Eksojen obezite teşhisi konmuş pek çok kişi gibi ben de aynalarla ilişkimi kesmiştim. Bu kaçışa bir meslektaşım son verdi. Dijital kameralar yeni çıkmıştı ve artık yerli-yersiz, özgürce fotoğraf çekebiliyorduk. Bu hoyratlıktan payıma düşeni bir karenin öznesine dönüşerek aldım. Yıllardır görmemeye çalıştığım bedenim habersiz çekilen o fotoğrafta tüm “heybetiyle” karşımdaydı.
Kendimle yüzleştiğim o an kilo vermeye karar verdim. “Diyet ve Beslenme” raflarında dizili kitaplardan günler boyu notlar çıkardım. Her şeyi değiştiren, Dr. Ozan Tuncer’in “Zayıflama Diyetleri Çöpe” kitabı oldu. Şuna benzer bir cümle ile beni özetliyordu: “İdeal kilosunda olanlar acıkınca yer, doyunca durur. Olmayanlar ise acıkmadan yer, doysa bile durmaz”.

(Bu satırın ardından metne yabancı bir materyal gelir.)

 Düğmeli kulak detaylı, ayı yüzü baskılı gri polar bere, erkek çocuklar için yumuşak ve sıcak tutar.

Zayıflama diyetleri çöpe atıldığı için, kendi başıma bir prensipler listesi belirledim. 1,5 senede verdiğim 50 kilo ile yepyeni bir hayata başladım. Bu serüvendeki ikinci sayfa, tamamen tesadüf eseri keşfettiğim “aralıklı oruç” oldu. 6 senedir aralıksız süren bu düzen, bedenimde ve zihnimde ummadığım kadar olumlu etkiler bıraktı.

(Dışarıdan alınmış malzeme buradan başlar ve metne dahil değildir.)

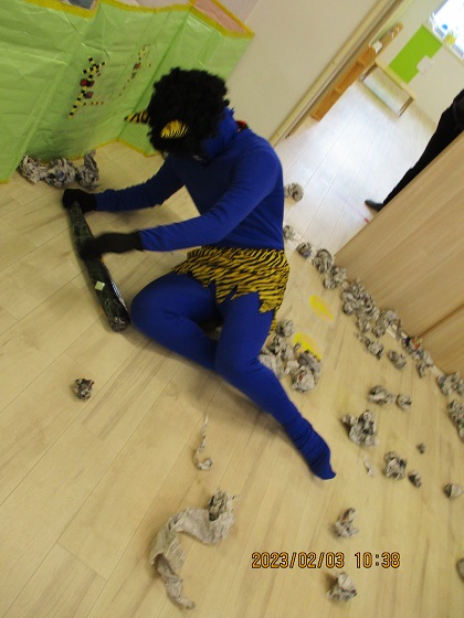 最初はね、先生たちが作った鬼さんに豆(新聞紙を丸めたもの)をなげて楽しんでいたのだけれど・・・

Artık obez değil; “şişman” unvanına sahiptim. Fakat terk ettiğim o mahallede halen 1 milyar kişi yaşıyor. Türkiye, yüzde 33’lük oranla ligin on yedinci sırasında. Dünya Sağlık Örgütü verilerine göre 1990’dan bugüne çocuk ve ergenlerdeki obezite 4 kat artmış durumda. Obezite yalnızca estetik bir kaygı değil. Tetiklediği tip 2 diyabet, kalp / damar hastalıkları, kanser, hipertansiyon, inme ve kireçlenme gibi yan hastalıklar sebebiyle toplam maliyeti 4 trilyon dolara ulaşan bir ekonomik yük.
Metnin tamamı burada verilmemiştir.